### Requirement
Could you output the whole listing exactly as it stands, minus any images?

### Data for analysis
··········

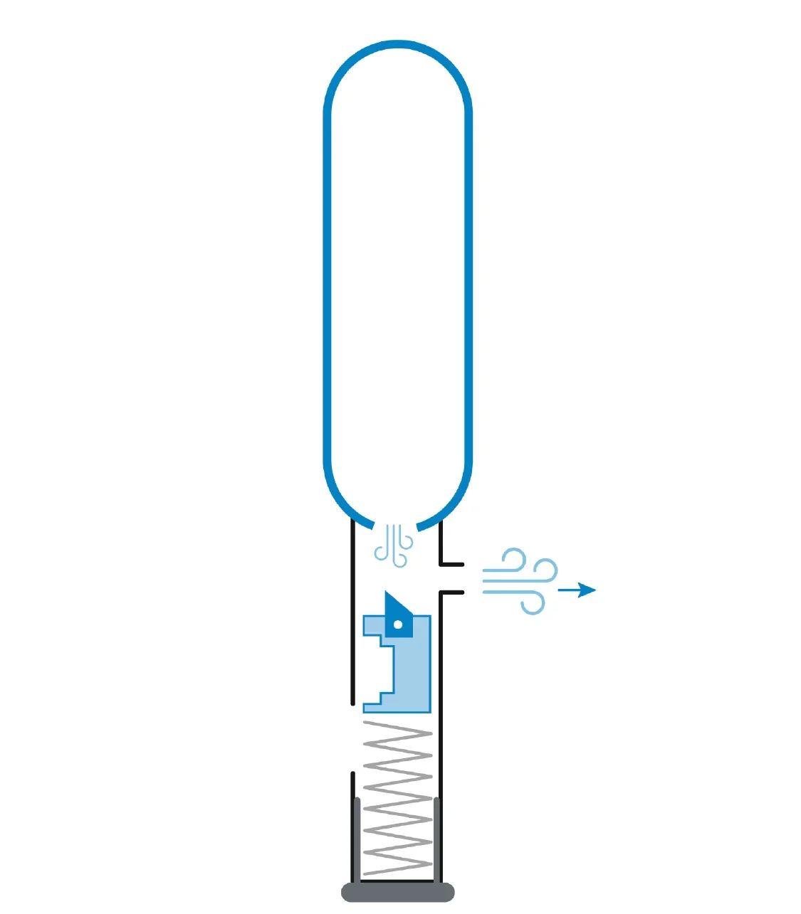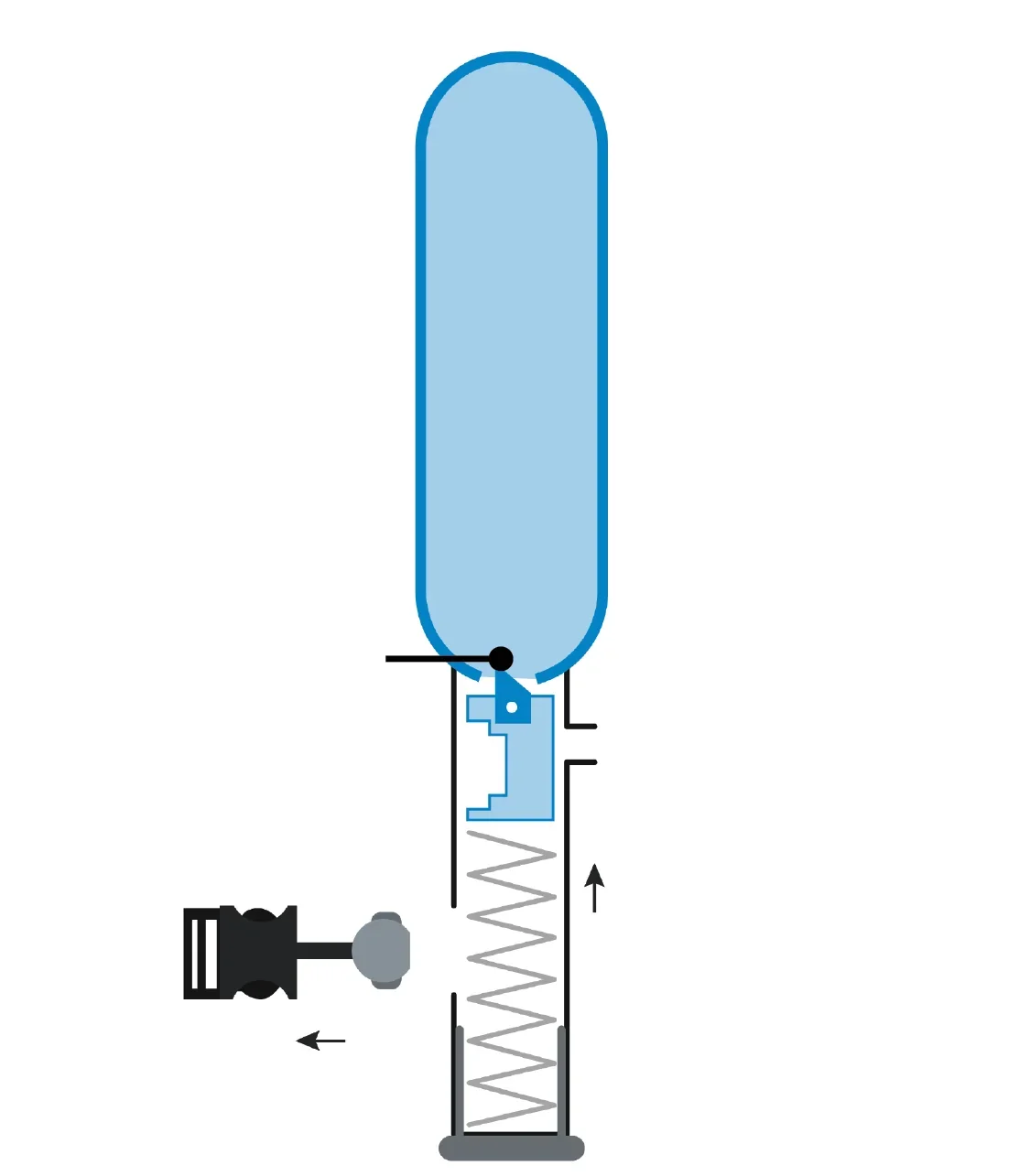 Durch die Verschlusskappe wird die Feder gegen den Kolben gedrückt. Die Metallkugel (mit der Reißleine verbunden), die den Kolben arretiert, sorgt dafür, dass die Feder beim Eindrehen der Verschlusskappe gespannt wird. Die Federkraft liegt nun vollständig an.
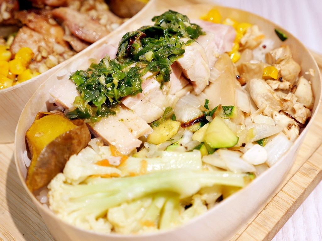 杉盒的便當每個都沉甸甸,圓木盒便當在米飯上頭舖了蔬菜和肉食,配菜好像每天不固定,買過兩三次都不一樣。
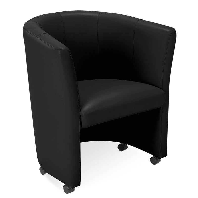Lättplacerad fåtölj i läcker design. Försedd med hjul. Passar utmärkt i entrén, pausrummet, väntrummet, kundhörnan etc.
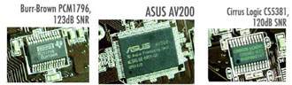 Xonar HDAV1.3 invents its fantastic audio quality with proprietary ASUS AV200, high quality oversampling digital to analog converters (Burr-Brown PCM1796, 123dB SNR), National Semiconductor LM4562 OP AMP, and analog-to-digital converter (Cirrus Logic CS5381, 120dB SNR).
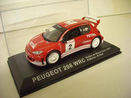 Peugeot 206 WRC. 1/43 Rally die cast model car. As new in display case. Ralllye de Monte Carlo 2003.
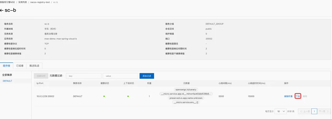 7. 我们通过服务治理方式注册的服务,我们还可以通过服务治理方式将对应的节点从 MSE Nacos 中下线
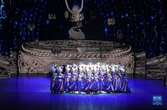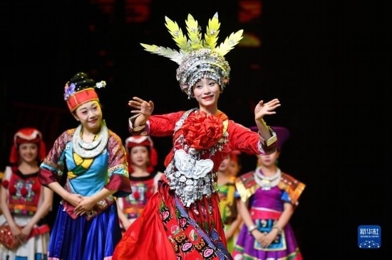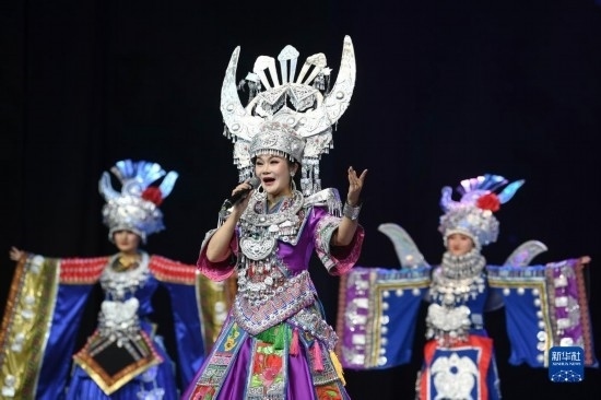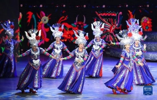6月5日,演員在貴陽大劇院的《多彩貴州風》演出中表演節(jié)目《金繡銀飾》。
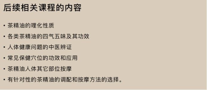 紧接着实用茶精油经络按摩、颈部肌肉放松按摩操和颈部按摩基本原则等精彩实用的内容纷至沓来。这些宝贵的课程内容,非常适宜需要改善焦虑与失眠、增强免疫力、缓解痛经的亚健康人群在日常生活中应用。
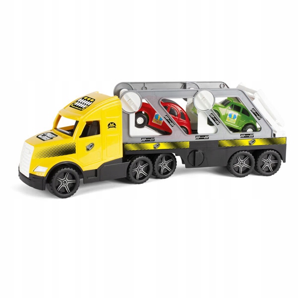 • большое (длиной 79 см), прочное и долговечное транспортное средство, реалистично имитирующее настоящий грузовик – эвакуатор • набор, оснащенный съемным прицепом, рампами, боковинами и 2 ретро-автомобилями • игрушка из очень прочных и безопасных материалов, устойчивых к различным погодным условиям • предназначена для детей 3+
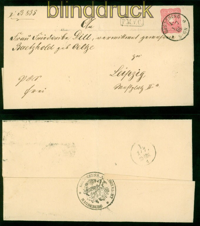 Deutsches Reich Mi # 41 EF portopflichtige Dienstsache P.M.V.C. Magdeburg 1881 nach Leipzig 10 Pfennig Adler im Oval Einzelfrankatur EF auf portopflichtiger Dienstsache mit R1: P.M.V.C. Porto mit Vergütungs-Cempensation Königl. Preuss. Amtsgericht Magdeburg gelaufen aus Magdeburg 1.8.1881 nach Leipzig Ankunftsstempel Erhaltung siehe Scan
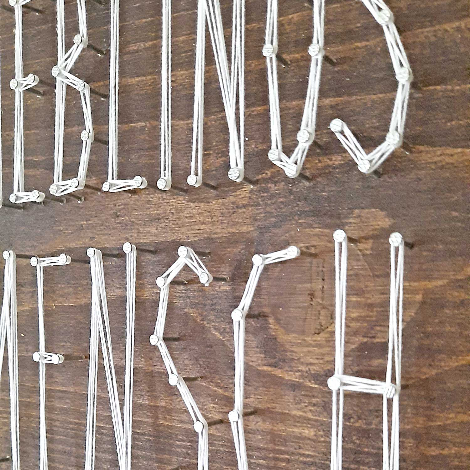 Durch das feste Holzbrett und die eng gesetzten Nägel ist das Ergebnis sehr stabil und recht unempfindlich. Du kannst das Fadenbild direkt aufhängen. Ein Bildaufhänger liegt jedem Set bei.
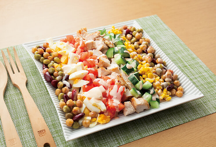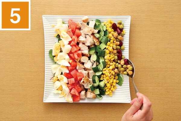 皿にベビーリーフを敷き、23・ミックスビーンズを一列に盛り付け、4のドレッシングをかけて完成!
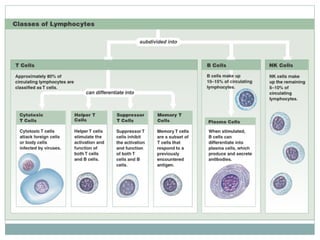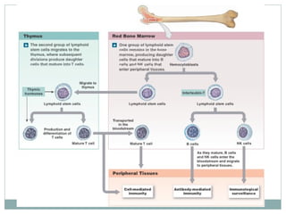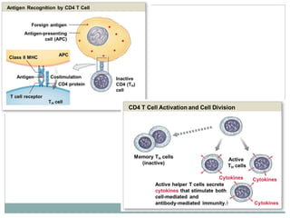 This document summarizes the key components of cellular immunity, including adaptive and innate immunity. It describes the properties of immunity, such as specificity and memory. The major topics covered are cytokines, MHC proteins, lymphocytes, antigen presentation, T cell activation, and B cell activation. Adaptive immunity involves cell-mediated responses by T cells and antibody-mediated responses by B cells. Innate immunity provides genetically determined defenses.
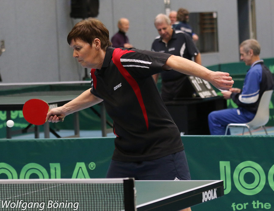 Gold und Doppel-Silber gewann Irmgard Neumann bei den Landesmeisterschaften der Senioren in Sandkrug. Im Einzel wurde die 66-Jährige Landesmeisterin, in den Doppeln Vize-Landesmeisterin.
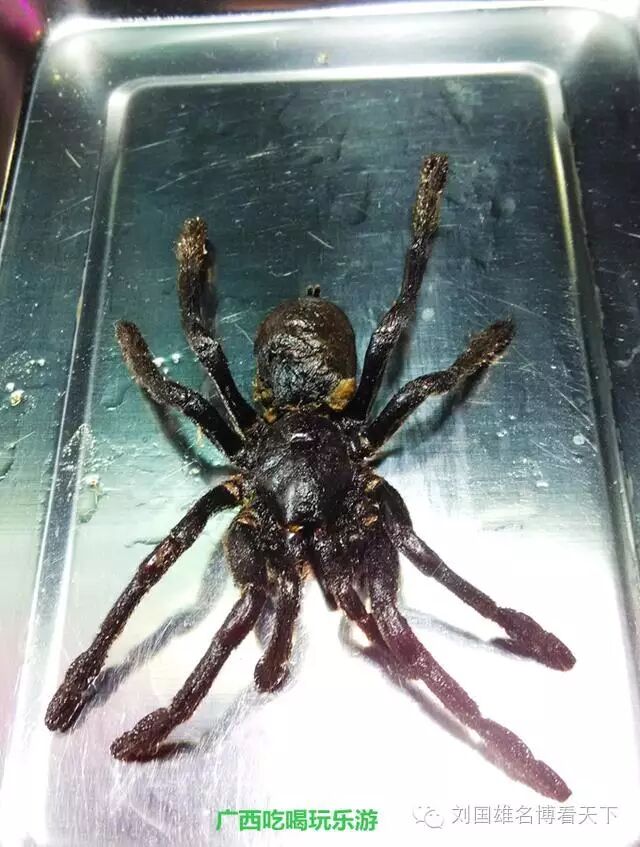 蜘蛛,这种大黑蜘蛛,我在柬埔寨旅游的时候吃过,没想到这里也有
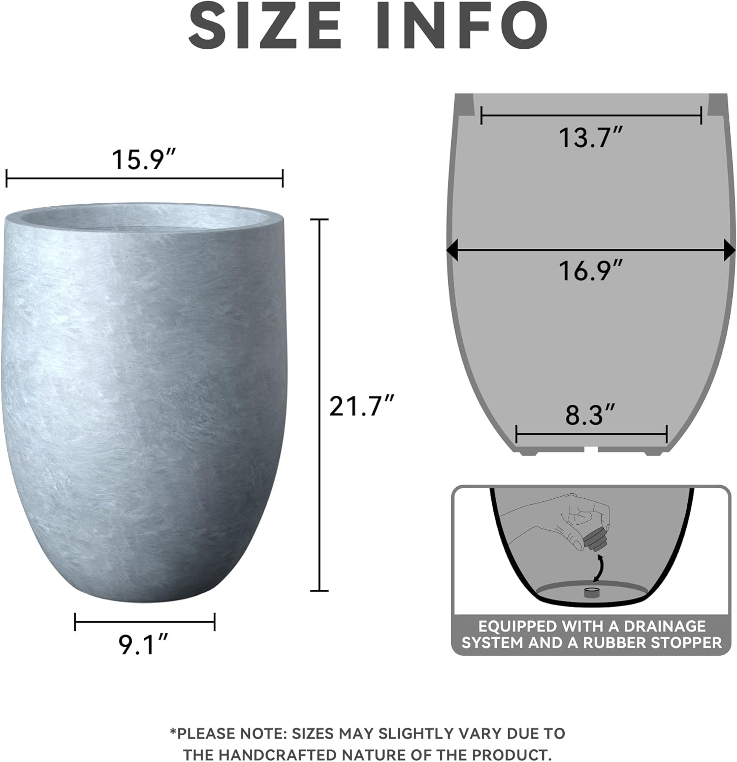 Kante Tall Concrete Planter, 21.7-Inch Height Blue-Gray Large Indoor Outdoor Plant Pot with Drainage Hole for Patio Garden Home, Modern Decor for Flowers and Tree
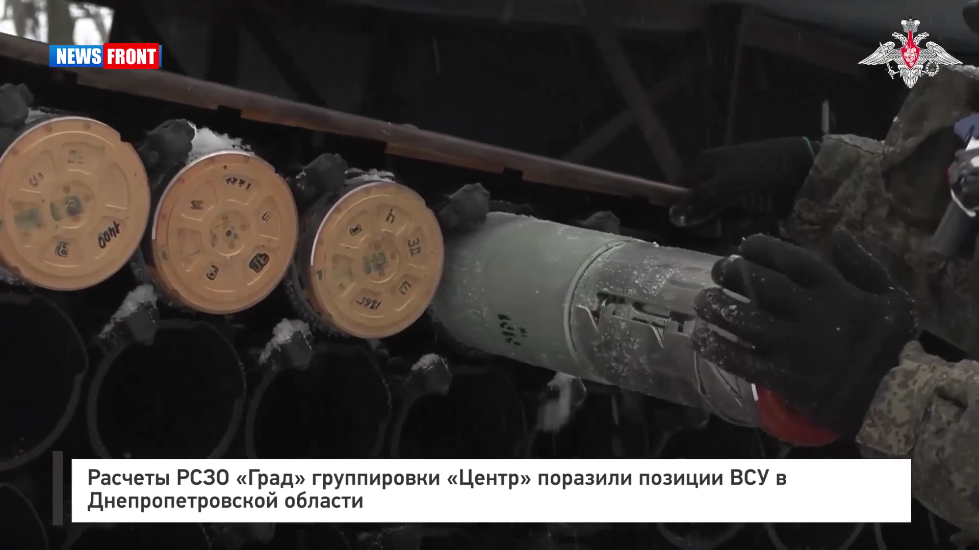 Министерством обороны России опубликованы кадры боевой работы расчетов реактивных систем залпового огня БМ-21 «Град» группировки войск «Центр».
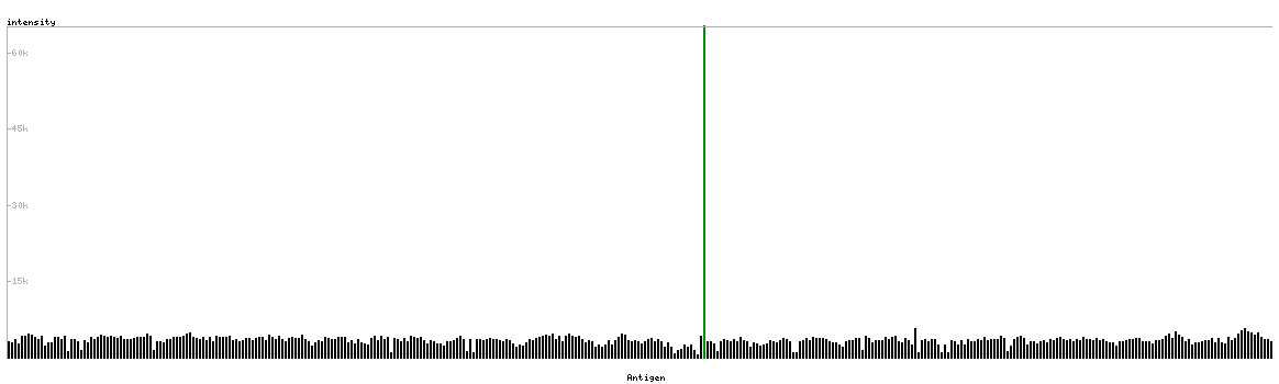 At the top of the view, the position of the antigen (identified by the corresponding HPA identifier) is shown as a green bar. A yellow triangle on the bar indicates a <100% sequence identity to the protein target.
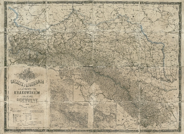 Mapa ścienna Galicji i Bukowiny. Rzeźba przedstawiona metodą kresek i punktami wysokości. Sieć hydrograficzna. Komunikacja - koleje, ważniejsze drogi. Nazwy miejscowości (7 klas wielkości). Zaznaczone uzdrowiska. Dodatkowo w większej skali mapa okolic Krakowa
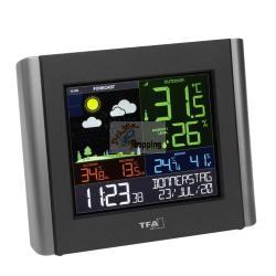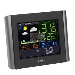 Stazione meteorologica radio con WiFi VIEW METEO 35.8000La stazione meteorologica wireless VIEW METEO con WLAN offre inizialmente tutte le funzioni di una classica stazione meteorologica wireless e può essere utilizzata anche indipendentemente senza connessione WLAN e app. La temperatura e l'umidità esterna locale vengono determinate tramite un trasmettitore radio e inviate alla stazione con una portata fino a 100 m (in campo libero), un Il sensore interno misura il clima interno, il meteo viene visualizzato sotto forma di simboli e ci sono funzioni aggiuntive come valori massimi e minimi, punto di rugiada e impostazioni di allarme, nonché un orologio con data e giorno della settimana completamente scritto. Il display a colori ad alto contrasto può essere regolato su tre livelli di luminosità e oscurato automaticamente di notte. La stazione meteorologica è integrata nella WLAN locale tramite l'app gratuita TFA VIEW. Segui semplicemente le istruzioni nell'app. Una volta connessa la stazione ad Internet, VIEW METEO mostra tutte le sue possibilità. Il display cambia e un piccolo simbolo indica quali informazioni verranno ora fornite tramite il servizio meteo online. Invece delle previsioni del tempo basate sui cambiamenti della pressione atmosferica, ora ricevi una previsione di 12 ore professionale e continuamente aggiornata per la tua regione. Inoltre, vengono visualizzati altri dettagli meteorologici interessanti, come le temperature massime e minime previste e la probabilità di pioggia. L'ora e il calendario vengono aggiornati regolarmente e puoi anche programmare messaggi personali o informazioni meteo aggiuntive da visualizzare sul display della stazione meteo tramite l'app TFA VIEW. Utilizzando l'app VIEW, la gamma di servizi è ancora più ampia: recupera i valori misurati della tua stazione meteo VIEW METEO da qualsiasi parte del mondo utilizzando il tuo tablet o dispositivo mobile, visualizza le registrazioni degli ultimi 30 giorni, imposta limiti di allarme ed essere informato tramite notifica push in caso di allarme. Aggiungi fino a 50 trasmettitori radio e dispositivi aggiuntivi al trasmettitore Thermo Hygro in dotazione, che puoi recuperare tramite l'app. I trasmettitori compatibili sono (disponibili opzionalmente): Trasmettitore termo-igro (cat. n. 30.3800.02), anemometro (cat. n. 30.3801.02) e trasmettitore per piscina (cat. n. 30.3801.02). no. 30.3238.06). Caratteristiche: - Display a colori con 3 livelli di luminosità e funzione di attenuazione regolabile (funzionamento continuo solo con alimentatore)
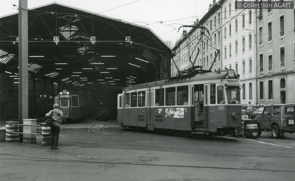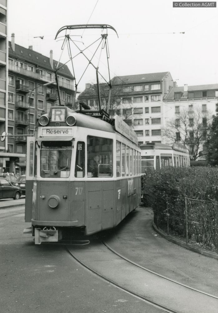 3148(494.42)_AGMT_1989-10.jpgImage JpegUn convoi CGTE de la ligne 12, formé de l'automotrice 717 et de la remorque 303, attend l'heure du départ pour Carouge au terminus de Moillesulaz / François Chapuis

··········

### Answer box
 Durch die Verschlusskappe wird die Feder gegen den Kolben gedrückt. Die Metallkugel (mit der Reißleine verbunden), die den Kolben arretiert, sorgt dafür, dass die Feder beim Eindrehen der Verschlusskappe gespannt wird. Die Federkraft liegt nun vollständig an.
 杉盒的便當每個都沉甸甸,圓木盒便當在米飯上頭舖了蔬菜和肉食,配菜好像每天不固定,買過兩三次都不一樣。
Lättplacerad fåtölj i läcker design. Försedd med hjul. Passar utmärkt i entrén, pausrummet, väntrummet, kundhörnan etc.
 Xonar HDAV1.3 invents its fantastic audio quality with proprietary ASUS AV200, high quality oversampling digital to analog converters (Burr-Brown PCM1796, 123dB SNR), National Semiconductor LM4562 OP AMP, and analog-to-digital converter (Cirrus Logic CS5381, 120dB SNR).
 Peugeot 206 WRC. 1/43 Rally die cast model car. As new in display case. Ralllye de Monte Carlo 2003.
 7. 我们通过服务治理方式注册的服务,我们还可以通过服务治理方式将对应的节点从 MSE Nacos 中下线
6月5日,演員在貴陽大劇院的《多彩貴州風》演出中表演節(jié)目《金繡銀飾》。
 紧接着实用茶精油经络按摩、颈部肌肉放松按摩操和颈部按摩基本原则等精彩实用的内容纷至沓来。这些宝贵的课程内容,非常适宜需要改善焦虑与失眠、增强免疫力、缓解痛经的亚健康人群在日常生活中应用。
 • большое (длиной 79 см), прочное и долговечное транспортное средство, реалистично имитирующее настоящий грузовик – эвакуатор • набор, оснащенный съемным прицепом, рампами, боковинами и 2 ретро-автомобилями • игрушка из очень прочных и безопасных материалов, устойчивых к различным погодным условиям • предназначена для детей 3+
 Deutsches Reich Mi # 41 EF portopflichtige Dienstsache P.M.V.C. Magdeburg 1881 nach Leipzig 10 Pfennig Adler im Oval Einzelfrankatur EF auf portopflichtiger Dienstsache mit R1: P.M.V.C. Porto mit Vergütungs-Cempensation Königl. Preuss. Amtsgericht Magdeburg gelaufen aus Magdeburg 1.8.1881 nach Leipzig Ankunftsstempel Erhaltung siehe Scan
 Durch das feste Holzbrett und die eng gesetzten Nägel ist das Ergebnis sehr stabil und recht unempfindlich. Du kannst das Fadenbild direkt aufhängen. Ein Bildaufhänger liegt jedem Set bei.
 皿にベビーリーフを敷き、23・ミックスビーンズを一列に盛り付け、4のドレッシングをかけて完成!
 This document summarizes the key components of cellular immunity, including adaptive and innate immunity. It describes the properties of immunity, such as specificity and memory. The major topics covered are cytokines, MHC proteins, lymphocytes, antigen presentation, T cell activation, and B cell activation. Adaptive immunity involves cell-mediated responses by T cells and antibody-mediated responses by B cells. Innate immunity provides genetically determined defenses.
 Gold und Doppel-Silber gewann Irmgard Neumann bei den Landesmeisterschaften der Senioren in Sandkrug. Im Einzel wurde die 66-Jährige Landesmeisterin, in den Doppeln Vize-Landesmeisterin.
 蜘蛛,这种大黑蜘蛛,我在柬埔寨旅游的时候吃过,没想到这里也有
 Kante Tall Concrete Planter, 21.7-Inch Height Blue-Gray Large Indoor Outdoor Plant Pot with Drainage Hole for Patio Garden Home, Modern Decor for Flowers and Tree
 Министерством обороны России опубликованы кадры боевой работы расчетов реактивных систем залпового огня БМ-21 «Град» группировки войск «Центр».
 At the top of the view, the position of the antigen (identified by the corresponding HPA identifier) is shown as a green bar. A yellow triangle on the bar indicates a <100% sequence identity to the protein target.
 Mapa ścienna Galicji i Bukowiny. Rzeźba przedstawiona metodą kresek i punktami wysokości. Sieć hydrograficzna. Komunikacja - koleje, ważniejsze drogi. Nazwy miejscowości (7 klas wielkości). Zaznaczone uzdrowiska. Dodatkowo w większej skali mapa okolic Krakowa
 Stazione meteorologica radio con WiFi VIEW METEO 35.8000La stazione meteorologica wireless VIEW METEO con WLAN offre inizialmente tutte le funzioni di una classica stazione meteorologica wireless e può essere utilizzata anche indipendentemente senza connessione WLAN e app. La temperatura e l'umidità esterna locale vengono determinate tramite un trasmettitore radio e inviate alla stazione con una portata fino a 100 m (in campo libero), un Il sensore interno misura il clima interno, il meteo viene visualizzato sotto forma di simboli e ci sono funzioni aggiuntive come valori massimi e minimi, punto di rugiada e impostazioni di allarme, nonché un orologio con data e giorno della settimana completamente scritto. Il display a colori ad alto contrasto può essere regolato su tre livelli di luminosità e oscurato automaticamente di notte. La stazione meteorologica è integrata nella WLAN locale tramite l'app gratuita TFA VIEW. Segui semplicemente le istruzioni nell'app. Una volta connessa la stazione ad Internet, VIEW METEO mostra tutte le sue possibilità. Il display cambia e un piccolo simbolo indica quali informazioni verranno ora fornite tramite il servizio meteo online. Invece delle previsioni del tempo basate sui cambiamenti della pressione atmosferica, ora ricevi una previsione di 12 ore professionale e continuamente aggiornata per la tua regione. Inoltre, vengono visualizzati altri dettagli meteorologici interessanti, come le temperature massime e minime previste e la probabilità di pioggia. L'ora e il calendario vengono aggiornati regolarmente e puoi anche programmare messaggi personali o informazioni meteo aggiuntive da visualizzare sul display della stazione meteo tramite l'app TFA VIEW. Utilizzando l'app VIEW, la gamma di servizi è ancora più ampia: recupera i valori misurati della tua stazione meteo VIEW METEO da qualsiasi parte del mondo utilizzando il tuo tablet o dispositivo mobile, visualizza le registrazioni degli ultimi 30 giorni, imposta limiti di allarme ed essere informato tramite notifica push in caso di allarme. Aggiungi fino a 50 trasmettitori radio e dispositivi aggiuntivi al trasmettitore Thermo Hygro in dotazione, che puoi recuperare tramite l'app. I trasmettitori compatibili sono (disponibili opzionalmente): Trasmettitore termo-igro (cat. n. 30.3800.02), anemometro (cat. n. 30.3801.02) e trasmettitore per piscina (cat. n. 30.3801.02). no. 30.3238.06). Caratteristiche: - Display a colori con 3 livelli di luminosità e funzione di attenuazione regolabile (funzionamento continuo solo con alimentatore)
 3148(494.42)_AGMT_1989-10.jpgImage JpegUn convoi CGTE de la ligne 12, formé de l'automotrice 717 et de la remorque 303, attend l'heure du départ pour Carouge au terminus de Moillesulaz / François Chapuis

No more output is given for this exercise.